Rubio argued that advanced economies had become “blinded” by glamorous downstream technologies while neglecting upstream extraction and processing, eventually outsourcing not just manufacturing but their future. He compared the present moment to the 1970s oil crisis, when concentration of supply became a geopolitical weapon and led to the creation of the International Energy Agency. The current initiative, he said, seeks to replicate that logic for minerals, protecting every stage of production from mining to refining and manufacturing from non-market disruption.
He cited more than 10 billion dollars in recent agreements across five countries and the launch of FORGE as a successor to the earlier Minerals Security Partnership. He emphasised that 55 partners were now involved, including 54 countries and the European Union, and that new framework agreements were to be signed later in the day. A price forward mechanism, to be presented by the United States Trade Representative, would ensure commodities do not fall below a viable threshold, shielding investors from predatory pricing.
Yet beneath the rhetoric of partnership and shared prosperity lies a more cynical calculation. US officials repeatedly described current pricing as distorted by “strategic dumping” and overproduction, without naming countries, while warning that concentration could be used as geopolitical leverage. The proposed trade zone, with tariffs and enforced price floors, represents a shift away from free markets toward managed trade in the name of security. It also risks redrawing global mineral flows along political lines.
India’s intervention stood out for its emphasis on de-risking rather than decoupling. Dr Jaishankar’s stress on diversification, structured cooperation and responsible commerce suggests concern that a rigid bloc could reproduce the very concentration it seeks to escape, only under a different flag. India’s support for FORGE, alongside its domestic initiatives such as the National Critical Minerals Mission and Rare Earth Corridors, signals an attempt to balance strategic alignment with autonomy.
For Washington, the stakes are openly industrial and geopolitical: reindustrialisation, job creation, and insulation from what it views as hostile supply manipulation.
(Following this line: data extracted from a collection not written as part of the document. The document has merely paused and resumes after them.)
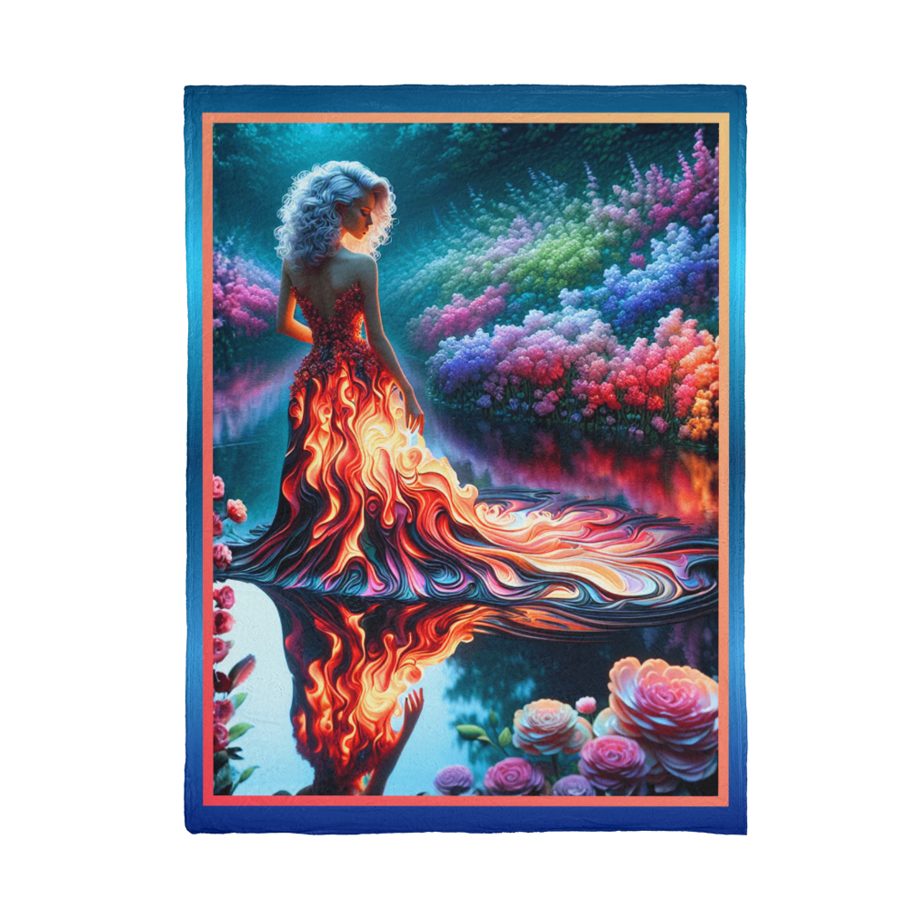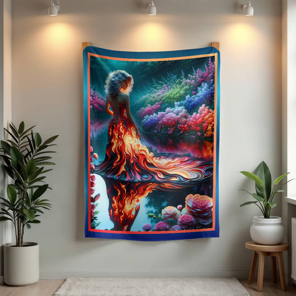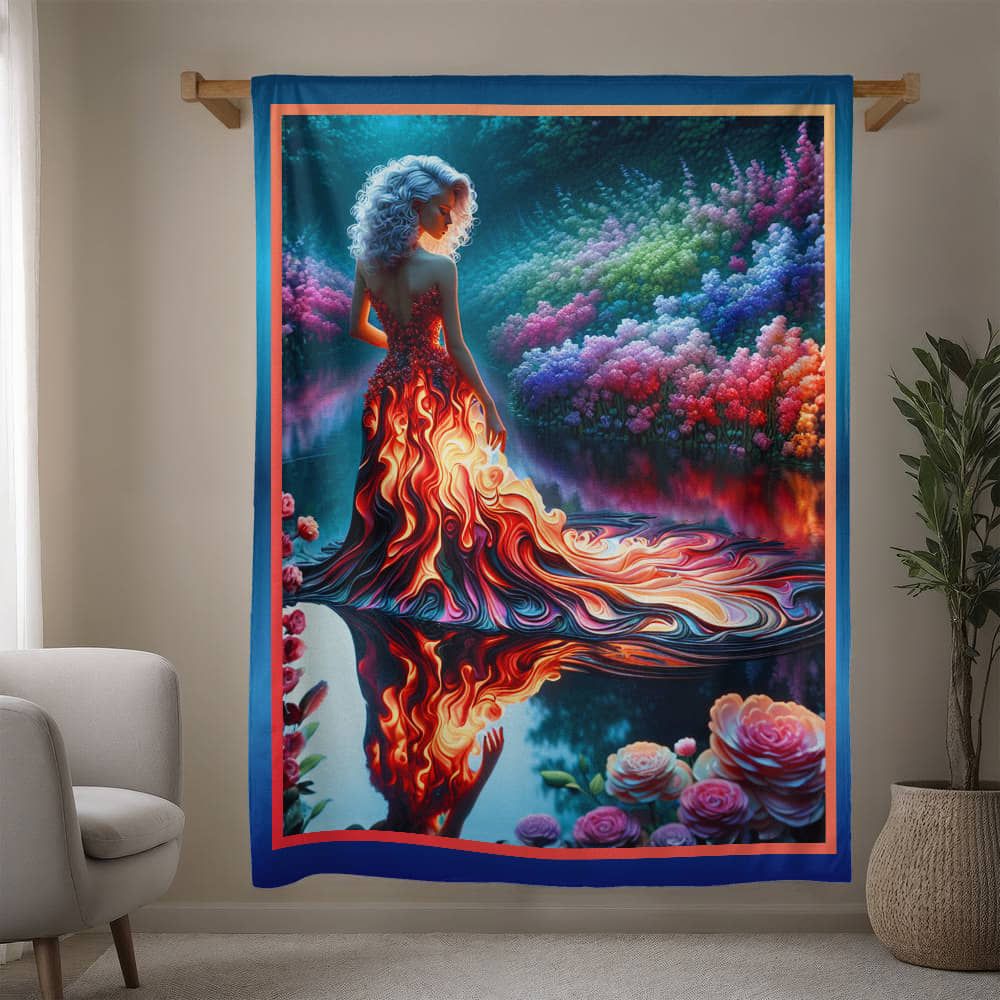Alive with light and motion, Firesong captures the meeting of flame and reflection in a moment of quiet reverence. A woman stands at the water’s edge, her gown a cascade of living fire that ripples into a mirrored stream of color and glow. Printed on luxuriously soft minky fabric, the design’s fiery tones blend seamlessly with the cool blues and florals that surround her. Warm, radiant, and endlessly captivating, it brings art and emotion into perfect harmony.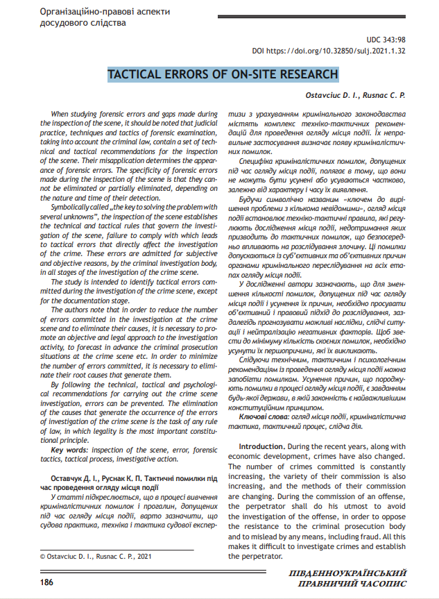 În: Південноукраїнський правничий часопис: наук. журн. / Одес. держ. ун-т внутр. справ. Одеса. 2021, nr. 1, pp. 186-192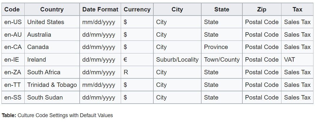 The "Culture Code" setting controls the defaults for date format, currency symbol, and verbiage for City, State, Zip, and Sales Tax in the back office, Member Information Center, and public modules.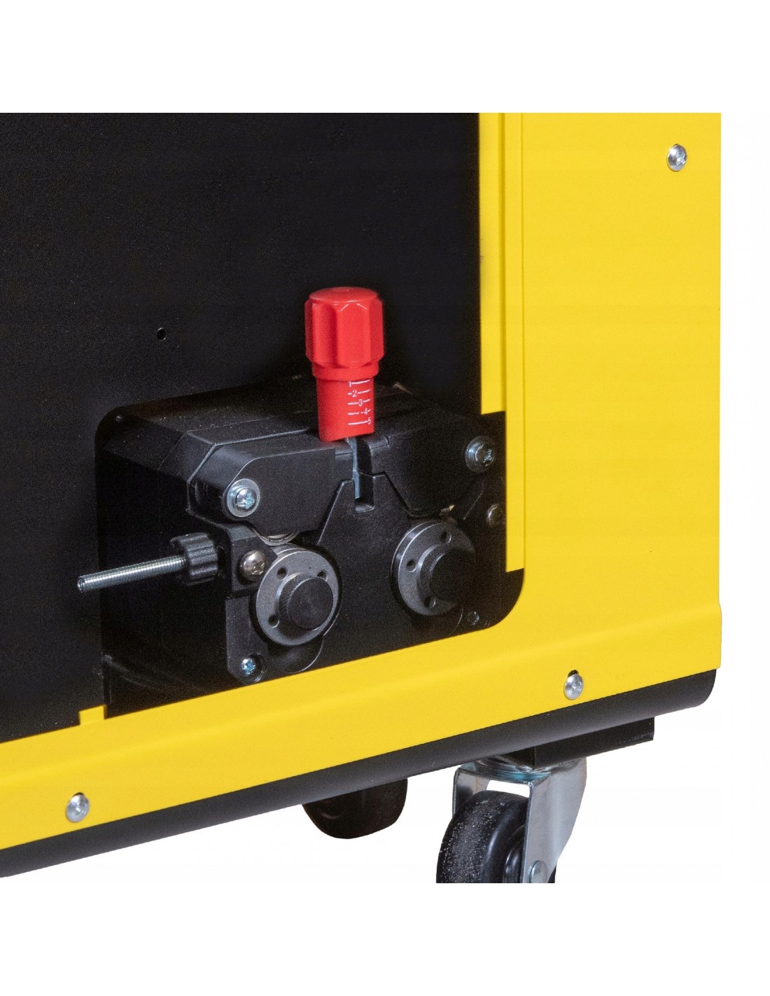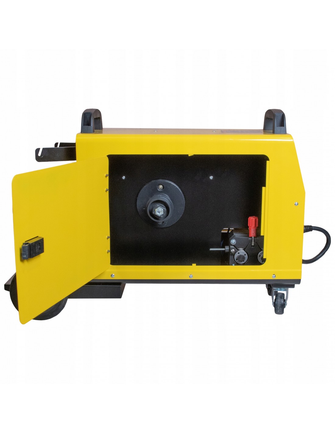 Źródło prądu zostało zbudowane w oparciu o najnowszą technologie wykorzystującą tranzystory IGBT, co przekłada się na zmniejszenie zakłóceń elektromagnetycznych, małe straty mocy, zwiększenie wydajności i niezawodności źródła prądu oraz wpłynęło znacząco na zmniejszenie zużycie energii. Urządzenie posiada płynną regulacje parametrów spawania, wyposażone jest w przeciążeniowy układ zabezpieczenia termicznego, zapobiegający nadmiernemu przegrzewaniu się. Spawarka wyposażona jest w 4-rolkowy podajnik drutu z gniazdem "euro złącze" pozwala na podłączenie różnych typów uchwytów spawalniczych.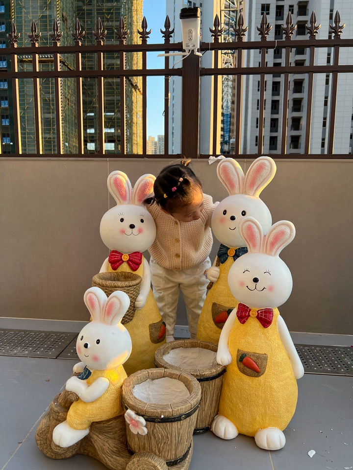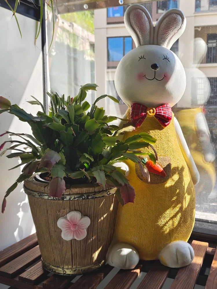 Erfreuen Sie sich am Charme unseres süssen Häschen-Blumentopfs aus Harz, einer bezaubernden Ergänzung für jede Terrasse oder jeden Garten. Sein verspieltes Hasen-Design fügt Ihren Aussenbereichen eine Spur Freude hinzu und bietet gleichzeitig eine optimale Unterstützung für Ihre grünen Begleiter.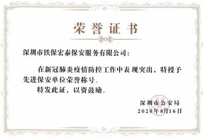 熱烈祝賀我司鐵保宏泰保安榮獲疫情防控工作“先進(jìn)保安單位”稱號(hào)
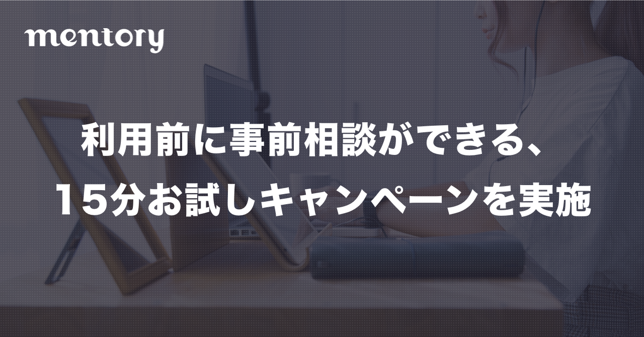 メンタリー株式会社(本社:京都府京都市、代表取締役社長:今谷 祐通)はエンジニア相談サービス「mentory」において「15分お試しキャンペーン」を開始いたしました。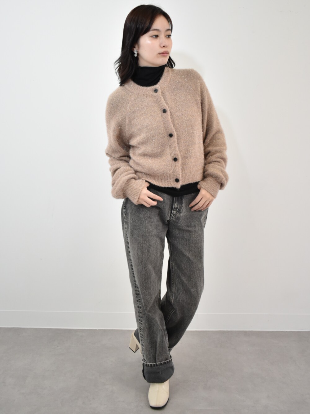 h.o.v_official(h.o.v)のカーディガン/ボレロ「【kiehtova】GLITTER SHAGGY KNIT/グリッター シャギー カーデガン」を使ったコーディネート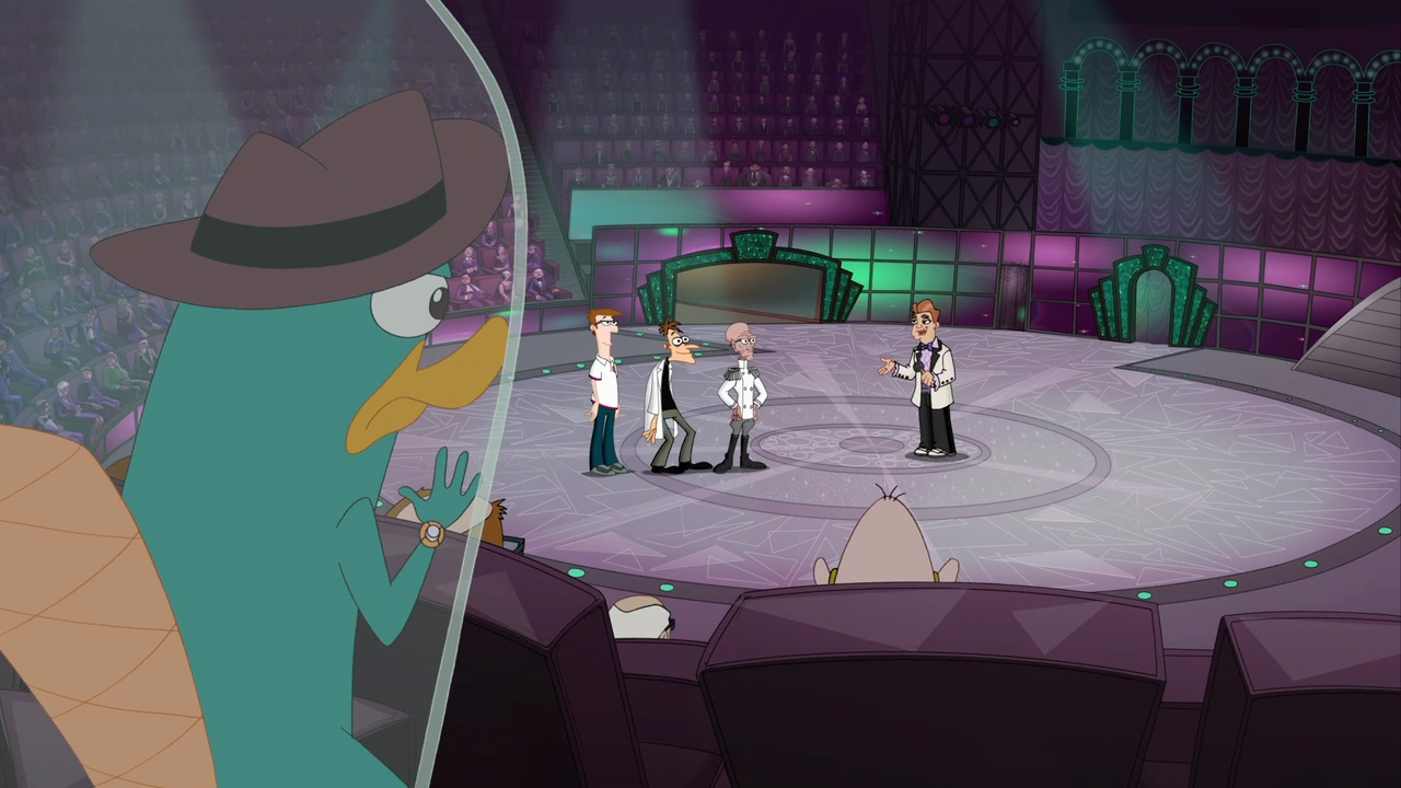 Perry watching the pageant along with the other villains, as he is worried about Lawrence participating as a contestant alongside Doofenshmirtz and Rodney.

For India, the calculus is more complex, involving access, resilience and space to pursue its own mineral diplomacy without being locked into a single pricing and tariff regime designed in Washington.
What emerges from the ministerial is not merely a technical discussion of lithium, cobalt or rare earths, but a contest over who sets the rules of the next industrial economy. The United States is proposing to replace a volatile global market with a managed alliance-based system. India is cautiously endorsing cooperation while warning against new forms of dependency.
The convergence on diversification masks a deeper divergence on method. Where Washington speaks of enforceable price floors and preferential zones, New Delhi speaks of de-risking and structured international cooperation. Both acknowledge that excessive concentration is dangerous. They differ on whether security will come from blocs or from broader, more flexible networks.
In that tension lies the future of critical minerals diplomacy: a shared diagnosis of vulnerability, but competing prescriptions for control.